The party ran for the first time in the 2011 local elections in multiple southern Albanian municipalities. Like Unity for Human Rights Party (PBDNJ), it competed without a coalition with the major parties (PS and PD). MEGA won 5 out of 15 seats in the municipal council of the municipality of Finiq, becoming the largest party in the council. In the mayoral election, the candidate of MEGA, Jani Ziso, lost by just one vote to the candidate of the PBDNJ (the voter turnout was 47% and a winning margin of 0.04%). In the municipalities of Mesopotam and Vergo, MEGA performed worse, losing in the mayoral elections by a large margin and managed to win only two seats in both of their municipal councils. In Pogon, Livadhja, Dropull i Poshtëm and Dropull i Sipërm, MEGA managed to win only 3 seats in each council, while losing the mayoral races by big margins. In Dhivër, the PBDNJ candidate defeated the MEGA candidate, but MEGA tied PBDNJ (four seats) in the municipal council. In Himara, not even a seat was obtained. In Himarë, MEGA got 3.24% in council vote (0 seats) and 3.84% in mayoral race, having a massive defeat.

In the 2015 local elections, elections were held in a new system with larger administrative units. In the municipality of Finiq, Leonidha Hristo was elected mayor. MEGA and PBDNJ each achieved six seats in the municipal council, slightly less than the ASHE coalition of the Socialist Party. In Sarandë and Dropull, MEGA won 1 seat in each of the municipal council. In Konispol no seat was won, in Himara the party did not compete this time. In Konispol, they failed to win any seats. The party didn't compete in Himarë.

The 2019 local elections were boycotted by the opposition. MEGA was one of the few parties that participated. With very low turnout, Kristo Kiço won a mayoral in Finiq with 61% of the vote, being the only non-Socialist candidate to win nationwide. In the municipal council, MEGA won nine seats and was thus the largest party ahead of the Socialists with eight seats (the coalition led by the Socialists achieved twelve seats). In Dropull, three representatives of MEGA were elected to the municipal council, while in Sarandë just one.

In 2023, all parties competed again in the local elections. In Finiq, the MEGA representative Romeo Çakuli was elected mayor with 39% of the votes (18% turnout, very low because many voters did not come from abroad), just ahead of Leonidha Hristo (32%), who had switched to Bashkë Fitojmë and Leonidha Papa (29%), who ran for Basha's faction of PD. Romeo Çakuli was supported from the Socialist Party. In the municipal council of Finiq, MEGA won five seats, tying PBDNJ, but behind PS who seven seats. In Dropull, MEGA was left behind with only 8.8% of the votes and two seats, while the PS scored 15. In Himara, a seat was won with 5.7% of the votes.
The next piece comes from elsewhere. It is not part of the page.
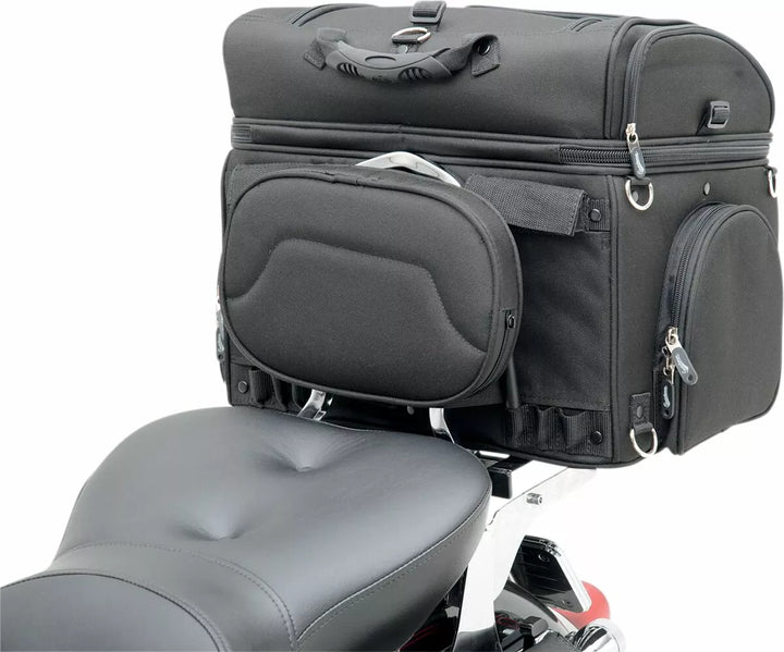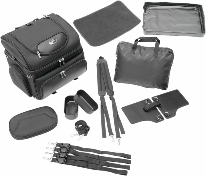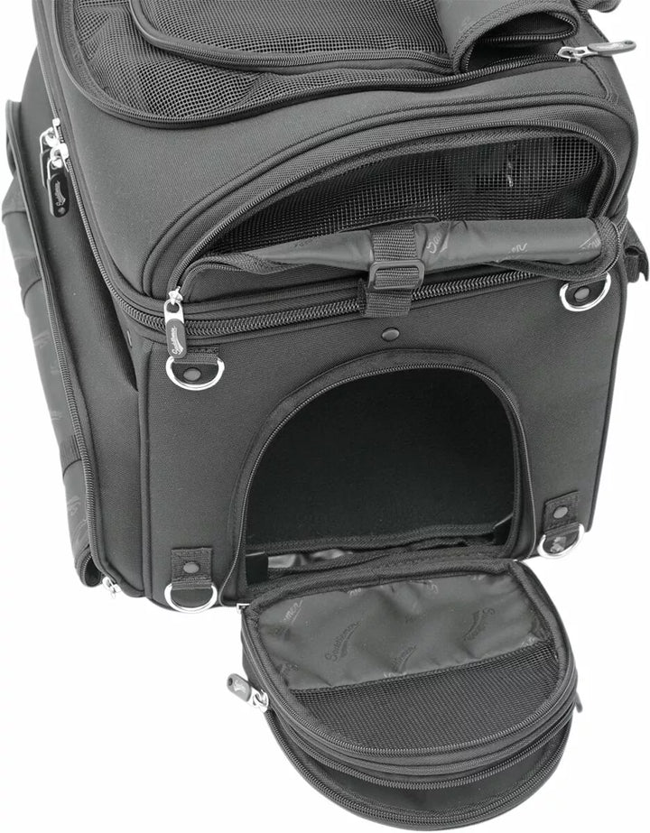 Best way to carry your small pet on your motorcycle in comfort, plus this carrier doubles as an effective cargo bag, multiple vents and access flaps let you vent frresh air to your pet while providing easy and spaw botom Pad for Your Pet's Comfort; Includes Food and Water Trays That Stow Neatly in their Own Compartment, Two Mounting Systems Included; A Saddlemen Versa-Mount Seat Harness or Adjustable Sissy Bar Strap System Easily Attaches The Bag To Your Motorcycle's Seat, Luggage Rack or Sissy Bar, Quick-Disconnect Mounting Straps and Sissy Bar Sleeve Allows The Bag To Be Removed FROM YOU MOTO You can position for your, or your passenger's, Riding Comfort, Convenient Liner Bag With Carry Handles Lets You Store Clothes Or Cargo Away From Your Pet Or Other Bag Contents, Sturdy Grip Handle For Convenient Carrying - Included Backpack Strap Pack Pack Pack Pack Freedom of Movement While Keeping Them Secured in the Bag; Comes with a short internal leash and a long walking leash for pet Pit stops, pet Compartment Measures 16 "W x 14" L x 14 "t (3,200 cu. In. Capacity), please note dimensions of this bag to even proper fit for your pet.

In Sarandë, MEGA got only 2.3% of the vote.

In the 2013 parliamentary elections, MEGA was part of the coalition with the Partia Demokratike (PD) and the PBDNJ. In the 2017 parliamentary elections, MEGA remained insignificant nationwide with less than 2300 votes nationally. In 2021, MEGA did not compete in the parliamentary elections. They registered in KQZ for the 2025 elections but decided not to participate.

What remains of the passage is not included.